Dan: Right. So Rosie went back to the public data website to see whether those hospitals A, B, C and so on were suing. And for the most part, they weren’t — at least not like they used to.
Rosie Cima: Yeah, we now know that those cases weren’t going to a different lawyer. Right? They’re just not, they’re just not being filed.
Dan: Just not. Being filed. And it wasn’t just the hospitals that had been using these two lawyers that had fallen away. Other hospitals that had been suing tons of patients had cut way back.

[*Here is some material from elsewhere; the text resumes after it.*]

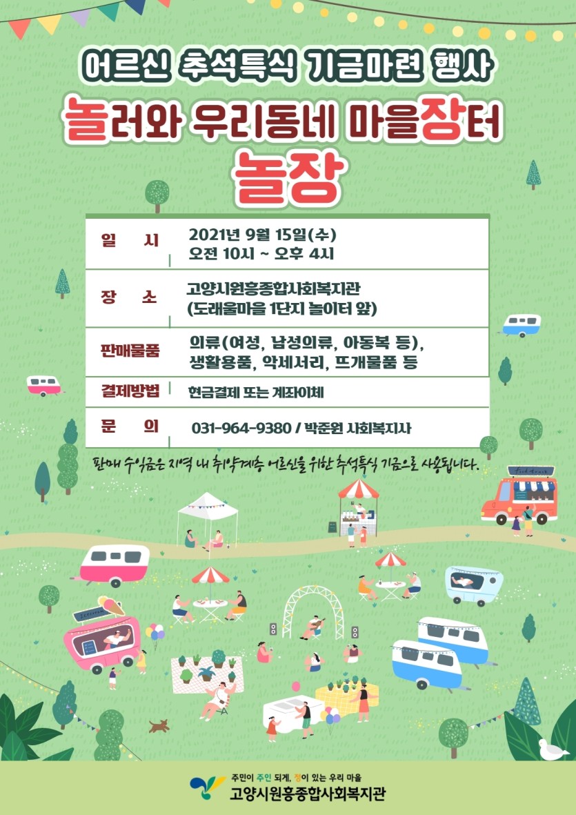 일반 2021년 추석맞이 특식 기금마련행사 <놀러와 우리동네 마을장터 놀장> 진행 페이지 정보 작성자 관리자 댓글 0건 조회1,831회 작성일 21-09-08 19:23 목록 본문 이전글직원채용 1차 서류전형 합격자 공지 21.09.14 다음글추석연휴안내 21.09.16 댓글 0개 댓글목록 등록된 댓글이 없습니다.

From more than a thousand in 2019 to a few dozen, or less than a dozen. Or one. Or zero.
One hospital system sued more than 47 hundred people in 2019. In 2023 so far, they’ve sued one.
And remember, because older cases get wiped from the web, there’s some unknown number of cases from 2019 we aren’t seeing. The decline is probably bigger than what we see.
So, one thing to say is: We don’t know WHY this is happening. In any of these states. Our colleagues at the Baltimore Banner called every hospital in Maryland to ask about these changes, and got a bunch of no-comment. We emailed dozens of hospitals in Wisconsin and basically got the same answer.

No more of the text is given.